Entretien avec Malek SEMAR à l’occasion du WASS

Entretien avec Malek SEMAR à l’occasion du WASS

Chef d’entreprises accompli, Malek Semar est né en Kabylie, dans un village sans eau et électricité, où la culture de l’effort et du partage sont les valeurs premières. Libre par origine. Après une double formation télécoms et management pour l’ingénierie à Paris, Malek part 3 ans aux Antilles comme CTO dans un institut d’enseignement supérieur ; il partage son temps entre enseignement et navigation. Revenu à Paris, il co-fonde PhoneControl, le premier opérateur cloud pour centres de contacts, et devient rapidement leader en Afrique. Précurseur dans les plateformes Cloud et la voix sur IP, Malek était un acteur majeur dans les télécoms et la relation client en France et en Afrique. Pendant 15 ans il collabore avec la plupart des opérateurs télécoms du continent africain.

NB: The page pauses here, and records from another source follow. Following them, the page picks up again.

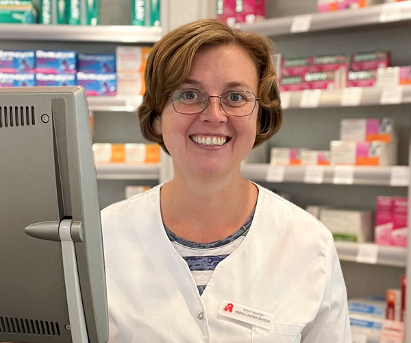 Apothekerin Halina Lischka-Güntzel legt besonderen Wert auf eine freundliche und kompetente Beratung, daher gehören zum sechsköpfigen Team drei weitere Apothekerinnen. Eine große Rolle im Kundengespräch spielt der Medikationscheck, das heißt die Überprüfung von Neben- und Wechselwirkungen der Präparate, die Sie einnehmen. Stellen wir hier Probleme fest, halten wir Rücksprache mit dem Arzt, der dann ein anderes Medikament verordnet.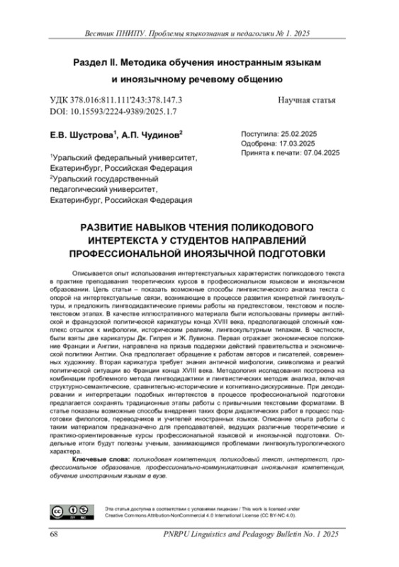 ШУСТРОВА Е. В., ЧУДИНОВ А. П. РАЗВИТИЕ НАВЫКОВ ЧТЕНИЯ ПОЛИКОДОВОГО ИНТЕРТЕКСТА У СТУДЕНТОВ НАПРАВЛЕНИЙ ПРОФЕССИОНАЛЬНОЙ ИНОЯЗЫЧНОЙ ПОДГОТОВКИ // ВЕСТНИК ПЕРМСКОГО НАЦИОНАЛЬНОГО ИССЛЕДОВАТЕЛЬСКОГО ПОЛИТЕХНИЧЕСКОГО УНИВЕРСИТЕТА. ПРОБЛЕМЫ ЯЗЫКОЗНАНИЯ И ПЕДАГОГИКИ. 2025. № 1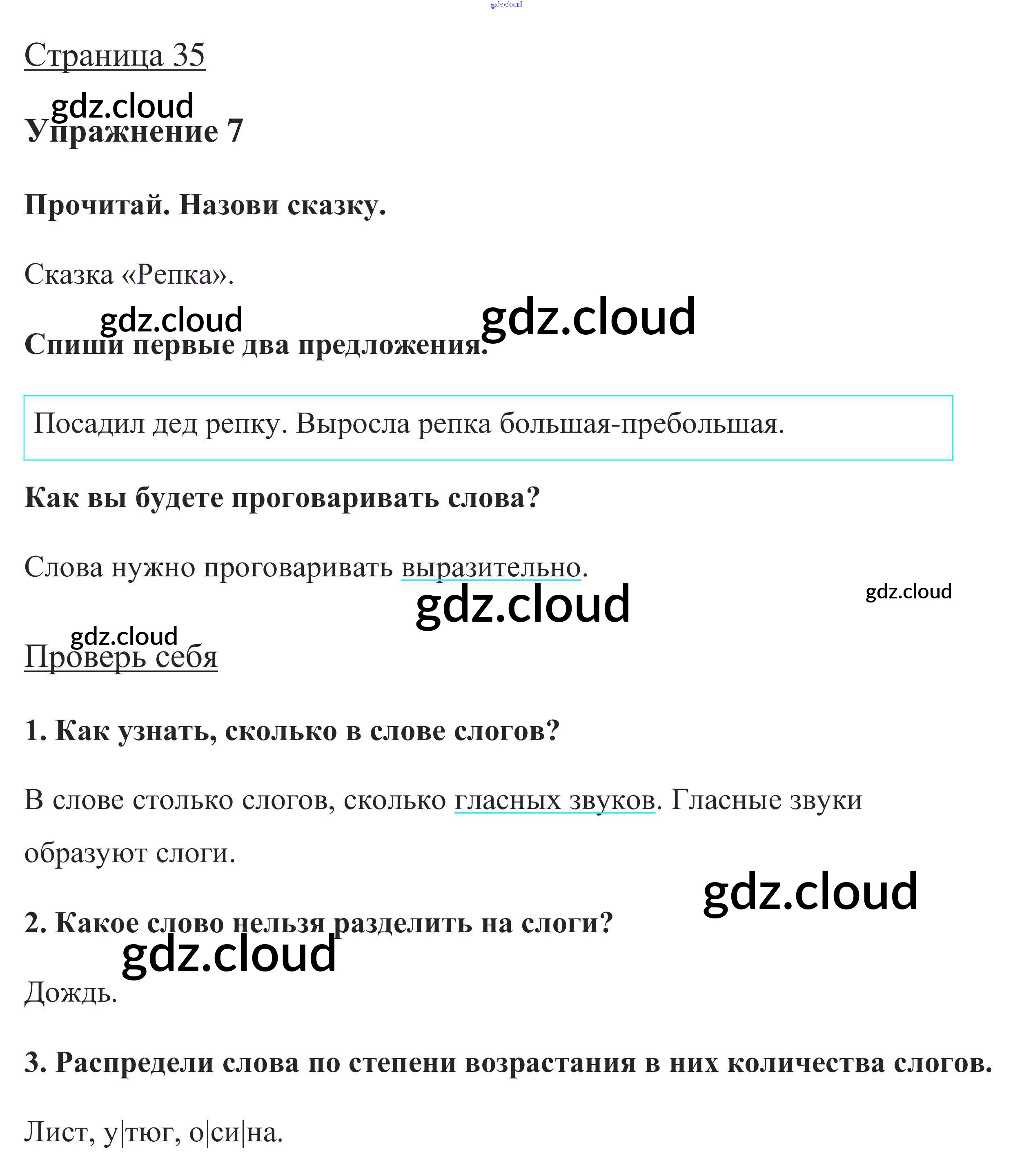 Ответ на задание стр. 35 Учебник Русский язык за 1 (первый) класс Канакина, Горецкий Школа России 2013

Avec 20 ans d’expérience dans le digital, comme outil pour impacter positivement le monde réel, Malek apporte son expertise digitale et sa vision entrepreneuriale dans le lancement de de plusieurs startups, systématiquement dans des domaines qui le passionnent (art, sport, bien-être, environnement et technologies sociétales). En parallèle de conférence sur le monde de demain, Malek est également le référent Art et Sport de l’Ordre Africain des Grandes Écoles et Universités. Il interviendra lors du WASS en tant qu’associé de la société France Industries Assainissement. 

Africa Mutandi : Le World Africa Startups Summit (WASS), dans lequel vous intervenez, est l’occasion de vous demander : comment articulez-vous votre vision et vos activités avec la réalisation des Objectifs de Développement Durable en & pour l’Afrique ?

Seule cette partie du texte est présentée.